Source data
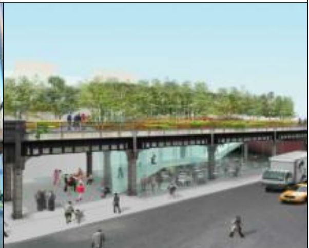
개발 계획 예시안
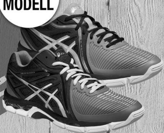
Asics Gel-Netburner Ballistic

JETZT EINES UNSERER TOPMODELLE VORBESTELLEN UND ASICS T-SHIRT + 3er PACK SOCKEN GRATIS SICHERN!
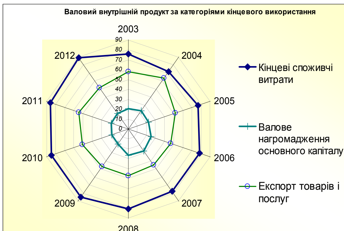
Рис. 2. Валовий внутрішній продукт за категоріями кінцевого використання, %, 2003-2012 рр. (складено автором за даними [2])
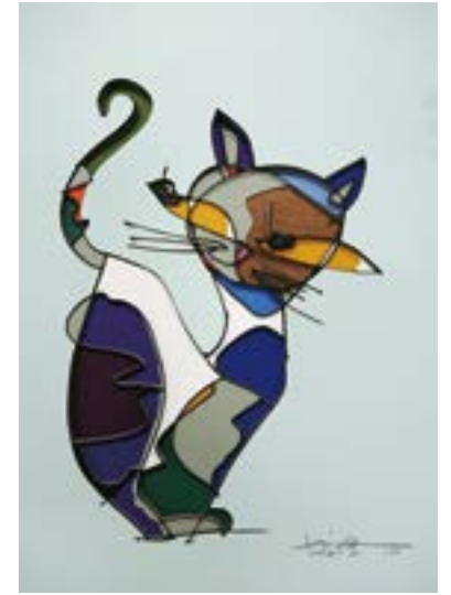
Come on, follow me !
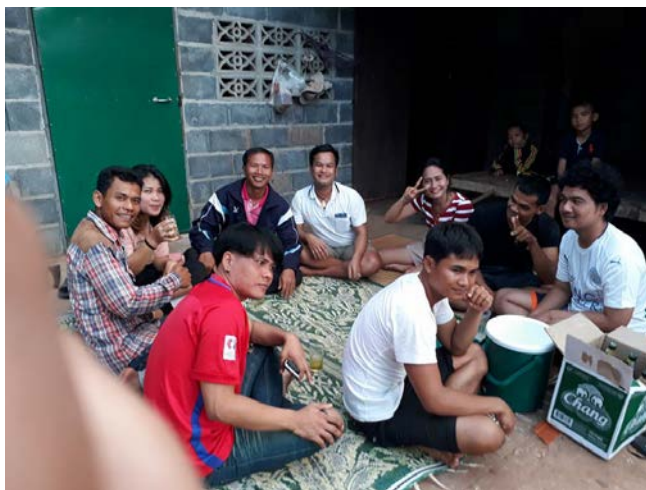
ภาพที่ 4.8 กลุ่มเยาวชนกลุ่มชาติพันธุ์เขมรในพื้นที่ชายแดนจังหวัดศรีสะเกษ

หงส์ทอง แสมโสม เบลนด์ 285 และสุราขาว หรือเหล้าขาว ส่วนในกลุ่มเยาวชนนั้นพบว่า เยาวชนมีพฤติกรรมการดื่มสุราและเครื่องดื่มแอลกอฮอล์ โดยส่วนใหญ่นิยมดื่มในช่วงเย็นหลังเลิกงาน หรือเลิกเรียน และในเวลาว่างวันเสาร์และอาทิตย์ ส่วนใหญ่นิยมดื่มเบียร์ โดยเฉพาะ เบียร์ลิโอบี และเบียร์ช้าง และ สุราสียี่ห้อต่างๆ เช่น หงส์ทอง เบลนด์ 285 และสุราขาว หรือเหล้าขาว ดังภาพที่ 4.8
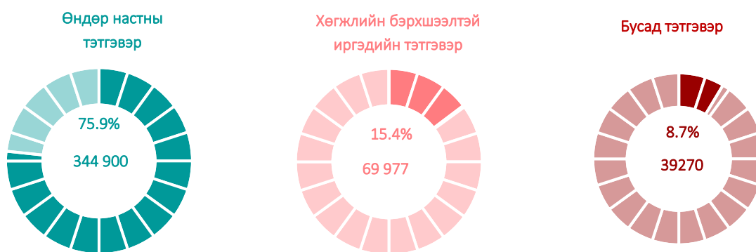
Зураг 2. Нийгмийн даатгалын сангаас тэтгэвэр авагчид, төрлөөр, 2021 оны эхний 4 сард

Нийгмийн халамжийн сангаас 2021 оны эхний 4 сард 2.2 (давхардсан тоогоор) сая хүнд 669.6 тэрбум төгрөгийн тэтгэвэр, тэтгэмж, тусламж, үйлчилгээ, хөнгөлөлт олгосон нь өмнөх оны мөн үеэс нийгмийн халамжийн үйлчилгээнд хамрагдагчид 126.2(6.0%) мянгаар, үйлчилгээнд олгосон тэтгэвэр, тэтгэмж, тусламж, үйлчилгээ, хөнгөлөлтийн хэмжээ 419.1 (2.7 дахин) тэрбум төгрөгөөр нэмэгджээ.
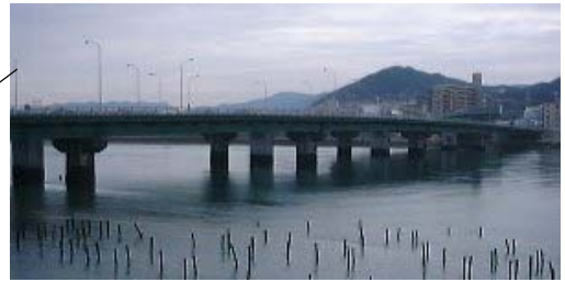
庚午橋 [水門+6420m/800m+艇庫]: これを境に上・下流で波況が異なることが多い。橋上からの釣りに注意
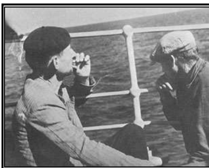
Refugiados españoles embarcados hacia México.

Asimismo, de aceptar el gobierno francés sugiera usted la forma práctica para realizar estos propósitos en la inteligencia de que en atención a las circunstancias nos dirigimos a los gobiernos alemán e italiano comunicándoles nuestro deseo. Conteste urgentemente. Presidente Cárdenas"

● **Work item**:
Return, from the data, each line where the string "сард" occurs.

● **Task result**:
Зураг 2. Нийгмийн даатгалын сангаас тэтгэвэр авагчид, төрлөөр, 2021 оны эхний 4 сард
Нийгмийн халамжийн сангаас 2021 оны эхний 4 сард 2.2 (давхардсан тоогоор) сая хүнд 669.6 тэрбум төгрөгийн тэтгэвэр, тэтгэмж, тусламж, үйлчилгээ, хөнгөлөлт олгосон нь өмнөх оны мөн үеэс нийгмийн халамжийн үйлчилгээнд хамрагдагчид 126.2(6.0%) мянгаар, үйлчилгээнд олгосон тэтгэвэр, тэтгэмж, тусламж, үйлчилгээ, хөнгөлөлтийн хэмжээ 419.1 (2.7 дахин) тэрбум төгрөгөөр нэмэгджээ.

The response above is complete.